Revisiting Graph Homophily Measures
Mikhail Mironov, Liudmila Prokhorenkova
TL;DR
This work tackles the challenge of comparing graph homophily across datasets with varying class distributions by proposing unbiased homophily, a scale-invariant, edge-wise measure that satisfies a comprehensive set of desirable properties. It formalizes the measure via the normalized class adjacency matrix $C_G$, provides a theoretically grounded definition $h_{unb}$ (and a parametric version $h_{unb}^eta$), and proves continuity and baseline properties with clear limits for $R_{max}$, $R_{base}$, and $R_{min}$. The authors present an equivalence-friendly computation, extend the framework to weighted graphs, and empirically demonstrate that $h_{unb}$ behaves consistently across synthetic and real datasets where existing measures falter. They further show that in directed graphs, the property list becomes contradictory, suggesting a need to revise the property set for directed settings. Overall, the proposed unbiased homophily provides a robust, comparable tool for assessing homophily across diverse graph datasets and lays groundwork for future exploration in directed and higher-order networks.
Abstract
Homophily is a graph property describing the tendency of edges to connect similar nodes. There are several measures used for assessing homophily but all are known to have certain drawbacks: in particular, they cannot be reliably used for comparing datasets with varying numbers of classes and class size balance.
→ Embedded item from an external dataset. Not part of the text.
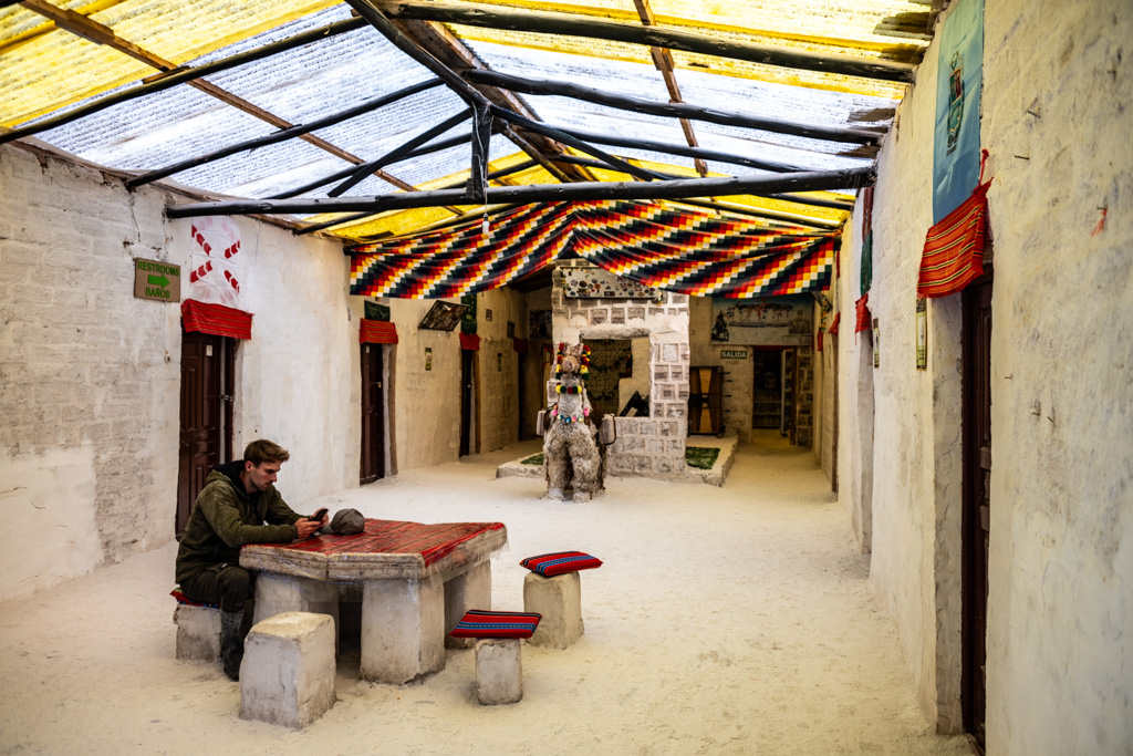塩のブロックで出来ていますが、雨季の雨で損傷が激しく、自然破壊にもなるという事で今は営業禁止になっているそうです。中は自由に入れて寛ぐことができます。

To show this, previous works on graph homophily suggested several properties desirable for a good homophily measure, also noting that no existing homophily measure has all these properties. Our paper addresses this issue by introducing a new homophily measure - unbiased homophily - that has all the desirable properties and thus can be reliably used across datasets with different label distributions. The proposed measure is suitable for undirected (and possibly weighted) graphs. We show both theoretically and via empirical examples that the existing homophily measures have serious drawbacks while unbiased homophily has a desirable behavior for the considered scenarios. Finally, when it comes to directed graphs, we prove that some desirable properties contradict each other and thus a measure satisfying all of them cannot exist.